Dried beans must be canned in a pressure canner, so this is not a beginner canning project. Get all of your equipment together in your impeccably clean kitchen. Prepare your jars, canning liquid, lids, and canner in advance. You should be getting a canning facial now because of the steam.
Ready To Can
I followed the directions in my "Putting Food By" book: soaked the beans overnight, put 3/4 cup of beans in each jar, covered with water or broth to 1/2 inch headspace, processed at 10 pounds pressure for 75 minutes. These instructions are for quart jars. If I had added meat broth or ham/bacon it would need to be processed for 90 minutes.
Rockin' and Rollin'
I can't show you a jar of the beans I canned today because I always leave the canner untouched until the next day to allow all pressure to be relieved and allow for complete cooling. This prevents seal failures and steam burns.
You'll notice I am canning using a flat, glass topped stove top.
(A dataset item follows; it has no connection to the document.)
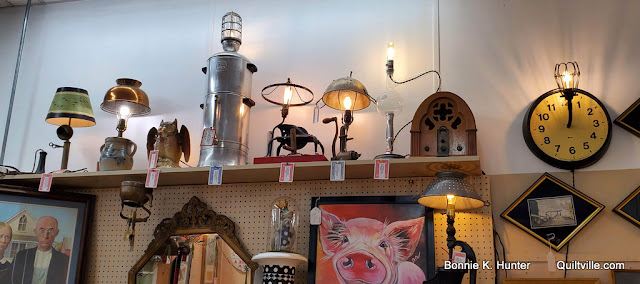 1. Those lamps remind me of the TV show Flea Market Flip where they had to take weird things and turn them into "useable" items. I think they called this category Steam Punk or something like that. These may be the rejects! LOL! Isn't the pretty blue machine at the same place as the sideboard?? Hmmm . . . maybe it will come home with you too!

Many people recommend against this, but I have never had a problem. BUT, I will never buy this type of stove top again. I don't like the way it has aged and it's not very versatile. Plus it costs a fortune to replace the glass top should it crack.
I own two pressure canners, an All American and a Presto. The All American does not require rubber gaskets, so will be perfect for preserving foods in an environment where replacement parts are not available. The Presto does use rubber gaskets, but it is much lighter and perfect for people that can't lift heavy weights. Both will last forever with care.
Beans Canned Last Year
Why buy convenience foods when you can make your own and know exactly what you are feeding your family? It's all about frugal living and love.